→ Task description
Find the line with "本日のメニューは、ごはん、夏" in the entries below, then output every line from it down to the line with "Этой же грамотой", exactly and with no pictures.

→ Task material

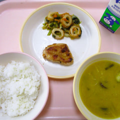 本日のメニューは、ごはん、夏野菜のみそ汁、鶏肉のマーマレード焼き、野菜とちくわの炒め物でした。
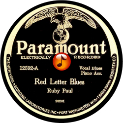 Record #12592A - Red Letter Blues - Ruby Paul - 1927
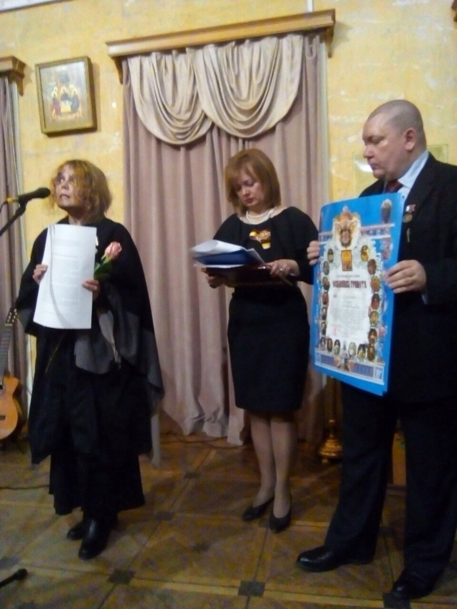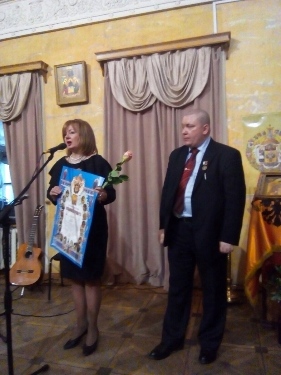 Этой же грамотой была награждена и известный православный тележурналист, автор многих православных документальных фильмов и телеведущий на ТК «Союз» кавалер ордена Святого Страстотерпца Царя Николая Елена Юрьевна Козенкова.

--

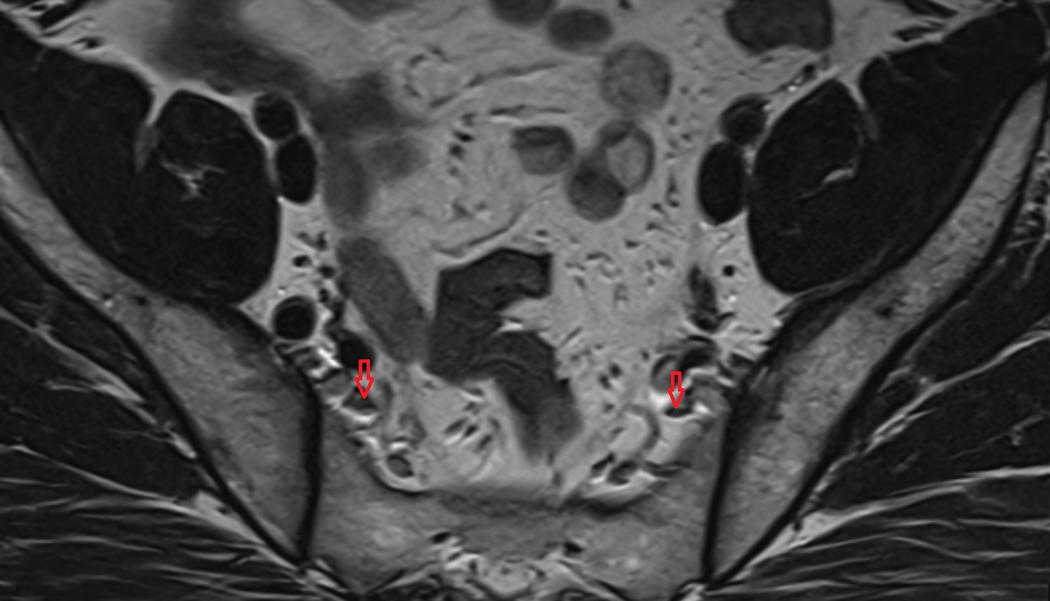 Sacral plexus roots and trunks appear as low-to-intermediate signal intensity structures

* * *

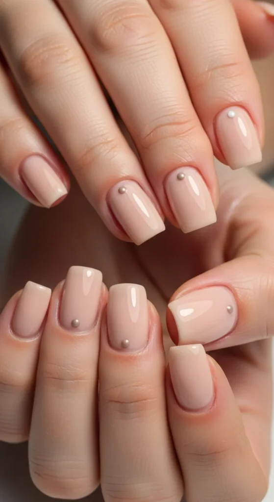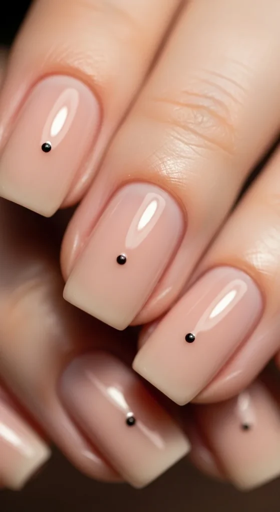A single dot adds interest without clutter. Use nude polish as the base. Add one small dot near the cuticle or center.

→ Task output
 本日のメニューは、ごはん、夏野菜のみそ汁、鶏肉のマーマレード焼き、野菜とちくわの炒め物でした。
 Record #12592A - Red Letter Blues - Ruby Paul - 1927
 Этой же грамотой была награждена и известный православный тележурналист, автор многих православных документальных фильмов и телеведущий на ТК «Союз» кавалер ордена Святого Страстотерпца Царя Николая Елена Юрьевна Козенкова.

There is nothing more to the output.